Here we show that high-precision hydrodynamic positioning of particles can be achieved all-optically by combining laser-induced thermoviscous flows with a closed feedback loop that takes into account the time-dependent and stochastic particle positions. We analyze the physical characteristics of this novel way to control particle position. While optically facilitated, we achieve a precision of up to 24 nm, which is unprecedented by classic hydrodynamic trapping and only slightly above the localization accuracy (with a mean value of 9.5 nm in these experiments, see Supplement 1, Fig. S3). In contrast to optical tweezers, our method requires neither specific materials nor the exposure of particles to the laser beam.
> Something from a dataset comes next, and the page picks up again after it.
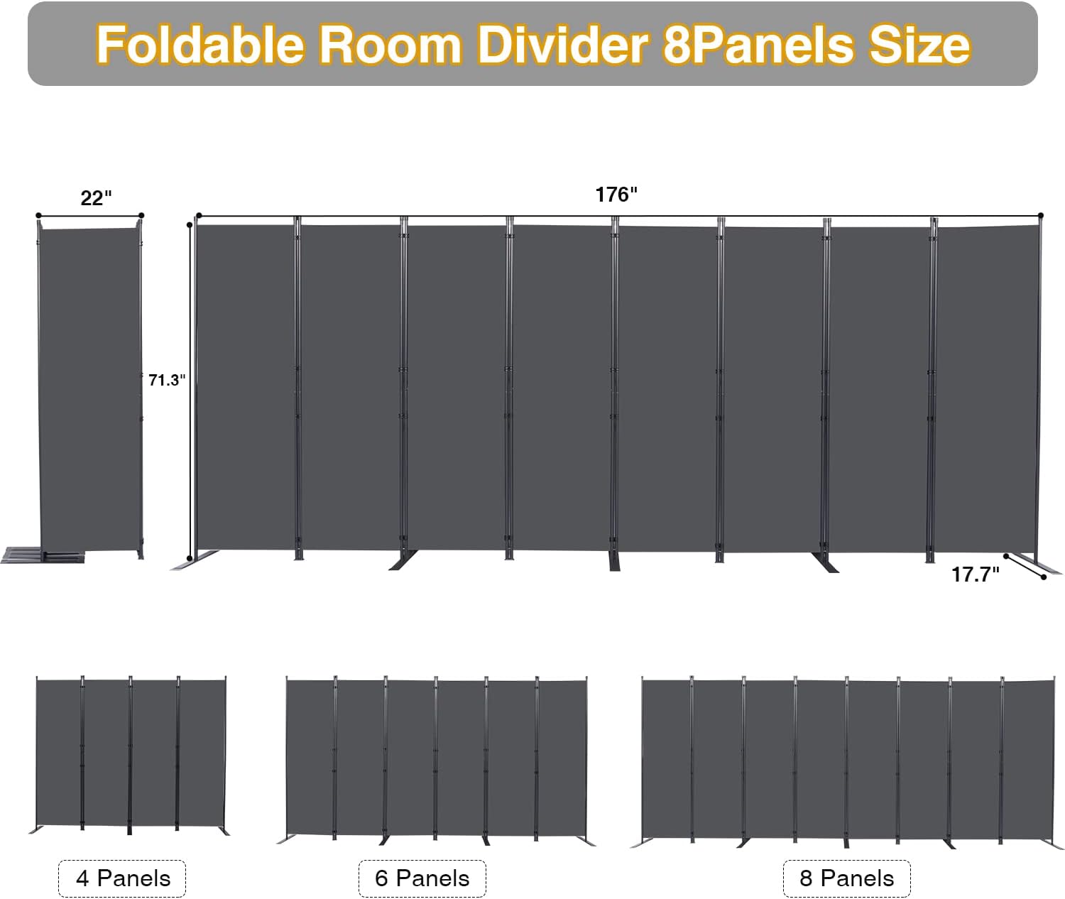 Room Divider, 8 Panel Folding Privacy Screens with Wider Support Feet, 6 Ft Portable Room Partition for Room Separator, 176" W X 71" H, Grey

We conclude that optically induced feedback-controlled thermoviscous flows are an attractive alternative to classic hydrodynamic trapping techniques, while generating opportunities for a wide range of novel applications.
2. Results
2.1 Design of optical setup & closed-loop feedback control
The experimental setup, a fluorescence optical microscope complemented by 1455 nm laser scanning optics, has been described in detail previously [23]. In brief, it comprises a continuous-wave 1455 nm Raman laser (CRFL-20-1455-OM1, 20 W, near TEM00 mode profile, Keopsys) emitting a collimated laser beam that is acousto-optically deflected (AA.DTSXY-A6-145, Pegasus Optik). The deflection point is imaged into the underfilled back focal plane of a 60x 1.2NA immersion objective (× 60 UPLSAPO, NA = 1.2, W-IR coating, Olympus) in an inverted fluorescence microscope (Olympus IX83), such that the LabVIEW (National Instruments) controlled deflection translates into the motion of the laser focus (diameter = 3.8 μm) inside the sample chamber, with a scanning range of approximately 150 μm.
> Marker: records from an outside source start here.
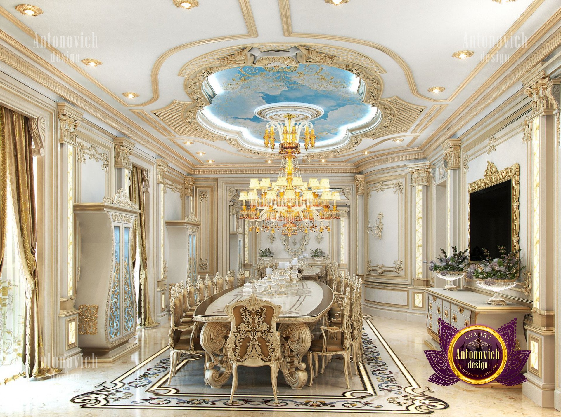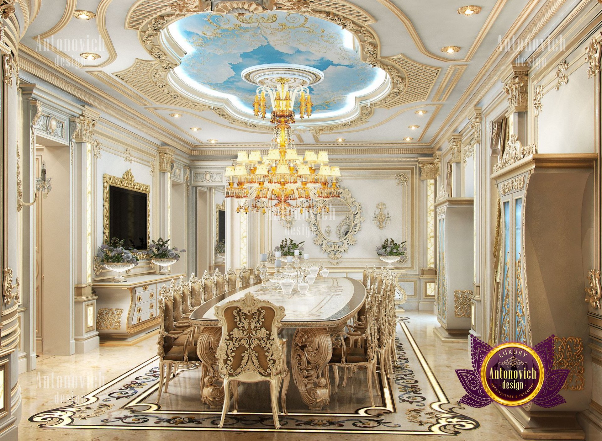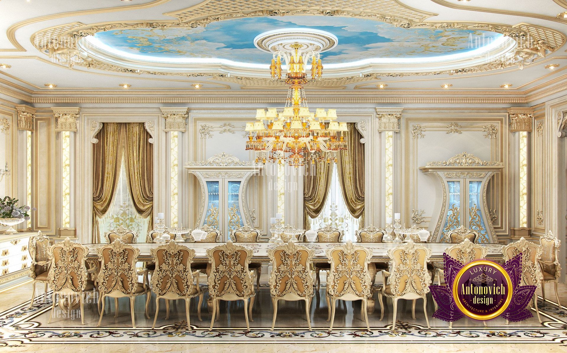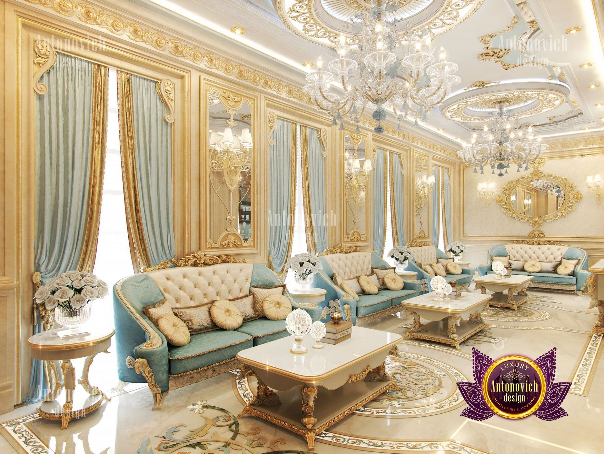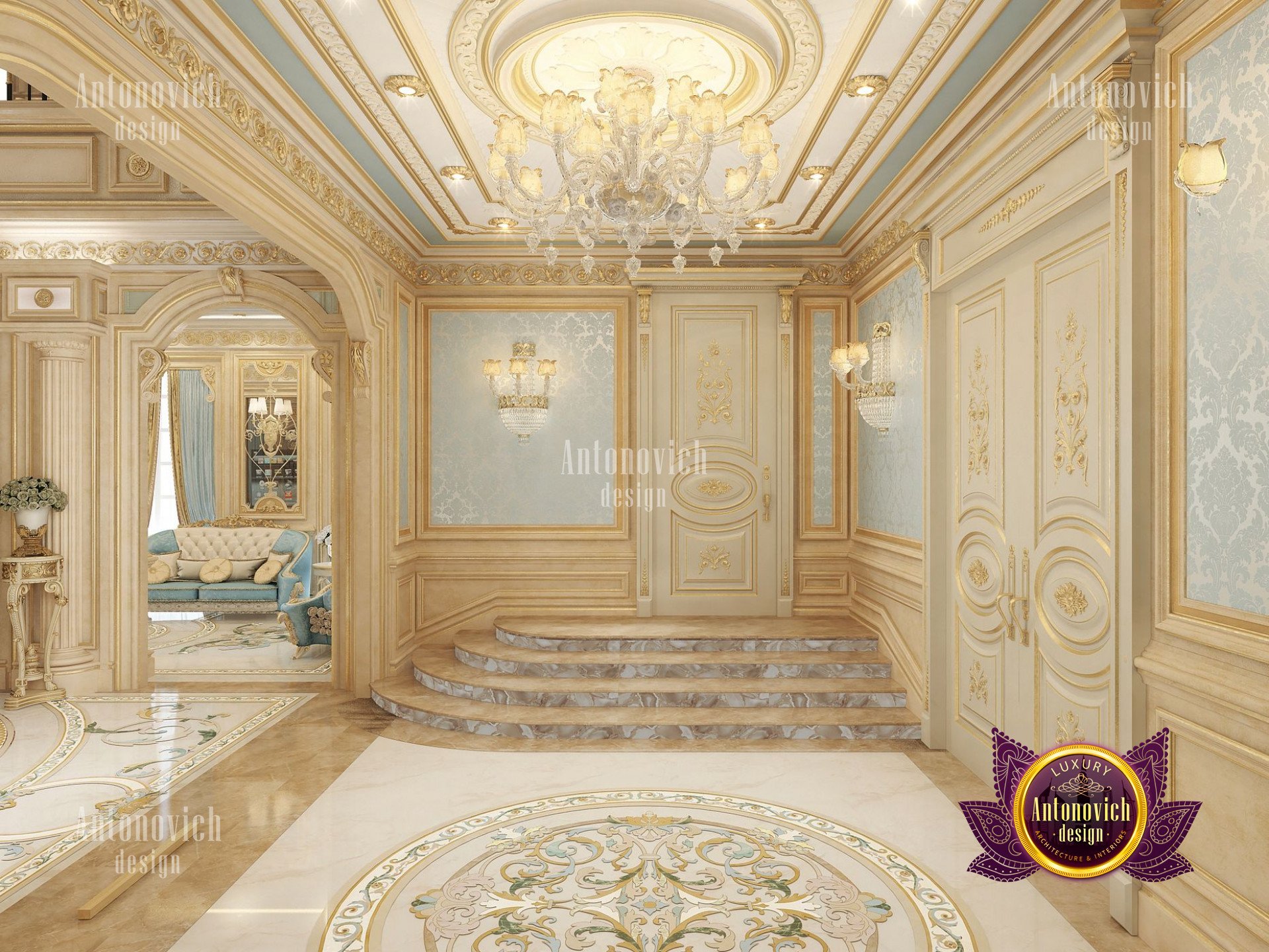 - Концептуализация: Интерьер виллы имеет концепцию, где дизайн выстроен в рамках общей темы, чтобы каждый угол дома выглядел созвучно. В данном проекте использован классический подход, который остаётся вне времени и эстетически привлекателен; интерьер виллы в неоклассическом стиле с золотыми акцентами придаёт ощущение исключительной элегантности.
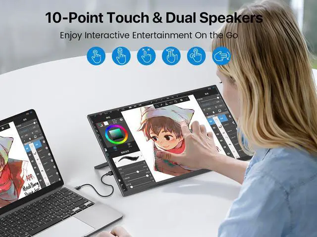 10-Point Precision Touchscreen: Experience smooth and responsive control with lag-free 10-point multi-touchtap, swipe, and zoom effortlessly without a mouse. Fully compatible with Windows laptops, Android phones, and tablets via USB-C or Mini HDMI. Just plug and play to activate touch functionality instantly, making it ideal for work, gaming, and creative tasks on the go.
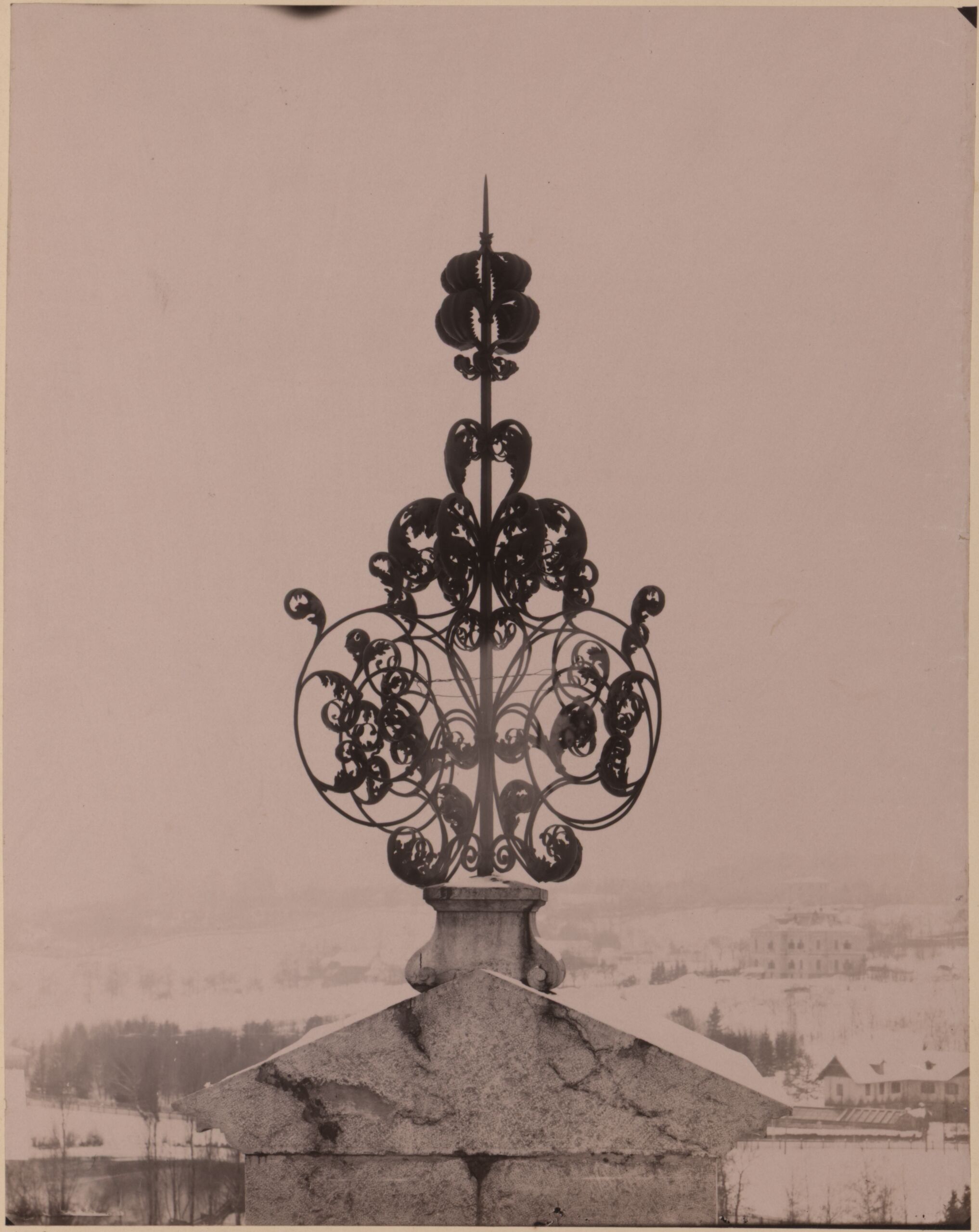 Fotografie, Fotografie eines Giebelaufsatzes der Villa Toscana in Gmunden, Camillo Ichzenthaler, MAK Inv.nr. KI 6848-47

Fig. 1. Concept and implementation: Positioning of colloidal particles via optically induced thermoviscous flows. a) Concept: This work establishes the 2D precision positioning of colloidal particles via optically inducible thermoviscous flow fields. b) Thermoviscous flows are known to arise from the scanning of an infra-red laser beam through an aqueous medium by the complex interplay of thermal expansion and temperature-induced viscosity changes. c) Schematic of closed feedback loop operation to automatically position particles.
To achieve automated positioning of beads via optically induced thermoviscous flow fields (see Fig. 1 for concept), we introduced a closed-loop feedback control. Implemented as a LabVIEW-based program, this loop repeats at around 50 Hz while consisting of 4 sequential steps (Fig. 1(c)): i) A fluorescent image of the sample (typically fluorescent beads in glycerol-water solution 50% v/v, see below) is acquired. ii) The centroid of these particles is determined using a standard routine based on thresholding segmentation and subsequent calculation of the center of mass. iii) The particle closest to the predefined destination is selected, and a laser scan path parameterized.
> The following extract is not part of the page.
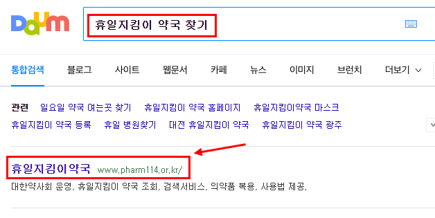 먼저 검색창에 "휴일지킴이 약국 찾기"를 검색합니다
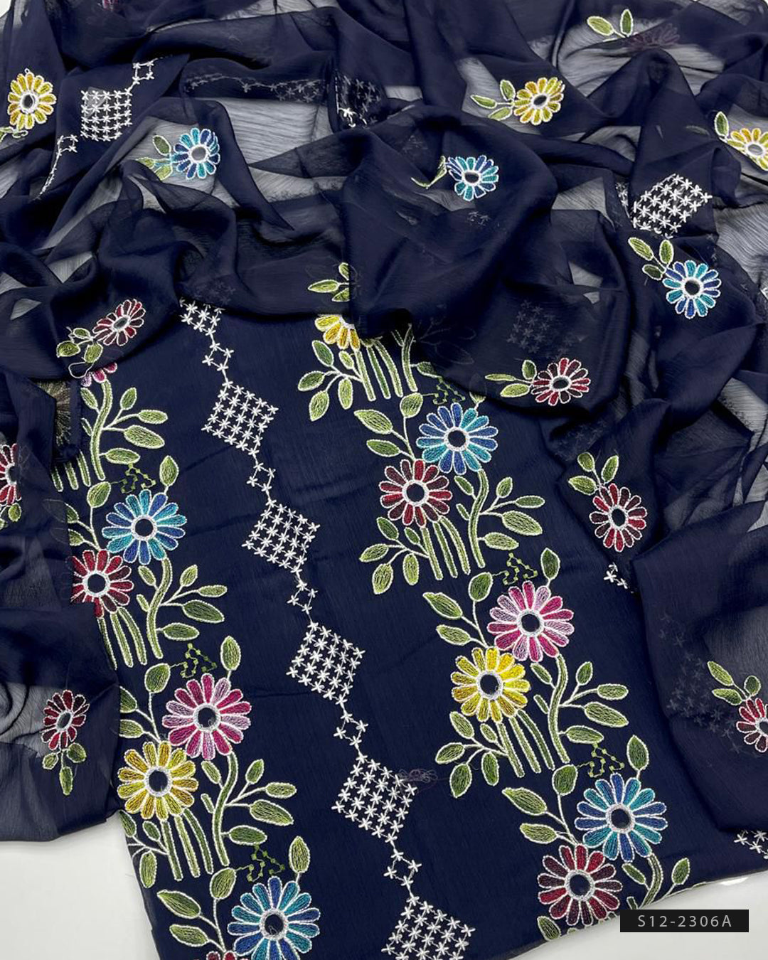 Product Detail:- Shirt Multi-color embroidery on premium chiffon, offering vibrant elegance. Dupatta & Sleeves Delicately embroidered chiffon for a graceful and refined finish. A perfect choice for women...

This scan path is parallel to the connecting vector between destination and current bead position, and is either centered on the particle (results presented in Fig. 3) or ending slightly before it (Fig. 4). iv) The laser scan is applied along the path, with a typical scan rate of 1-3 kHz, which is sufficiently slow to allow for the relaxation of temperature fields between successive scan periods.
2.2 Sample preparation and specifications
Bead-positioning experiments were conducted with fluorescent beads of 3.06 μm mean diameter (Fluoresbrite YG Microspheres 3.00 µm, 17155-2, Polysciences, USA) contained in a mixture of glycerol and water in equal parts (50% v/v) and 0.2% Tween 80 to prevent bead adhesion to surfaces. To keep the particles confined to the focal plane and achieve a uniform chamber height, spacer beads of 5.15 μm mean diameter (PS & P(S/DVB) Polymer Particles, PS06N, Bangs Laboratories, Inc., USA) were added to the solution at a low concentration. The solution containing the beads was then sandwiched between two glass slides, sealed with dental impression material (Identium Light Fast, Kettenbach Gmbh & co. KG, Germany). The chamber height was further limited through the amount of solution placed between the slides (2 μL solution for a 5 μm high chamber with a cover glass diameter of 22 mm). To accurately determine the chamber height via confocal microscopy, some chambers additionally contained trace amounts of fluorescent particles of 0.11 μm mean diameter (Fluorescent Carboxyl Polymer Particles (Green), FC02F, Bangs Laboratories, Inc., USA). All experiments have been carried out at room temperature.
2.3 Flow field imaging and characterization
While classic microfluidics is controlled via quasi-infinite extended flow fields, thermoviscous flows can be induced optically and locally.
Fig. 2. Characterization of experimental chambers and optically induced flow fields via 3D confocal microscopy. a) Schematic representation of chamber design with small beads marking the surfaces and a large bead to be manipulated. b) x,z confocal section of a 5.3 µm high chamber shown as a maximum intensity projection over the out-of-plane y-demission. c) Example of 3D confocal mapping of flows field, captured in a 25 µm high chamber with fluorescent beads of 0.5 µm diameter. See also Visualization 1. d) Detected tracks of fluorescent beads moving in the flow field of an infra-red laser scan along a circa 11 µm long line (indicated in black) captured over 100 s. e) Maximum intensity projection over time showing flow field captured at different heights in the chamber, beginning and ending close to the chamber walls. f) Velocity scaling with distance from the scan center, indicating a 1/r2 decay at long distances. Velocity analysis from data in d.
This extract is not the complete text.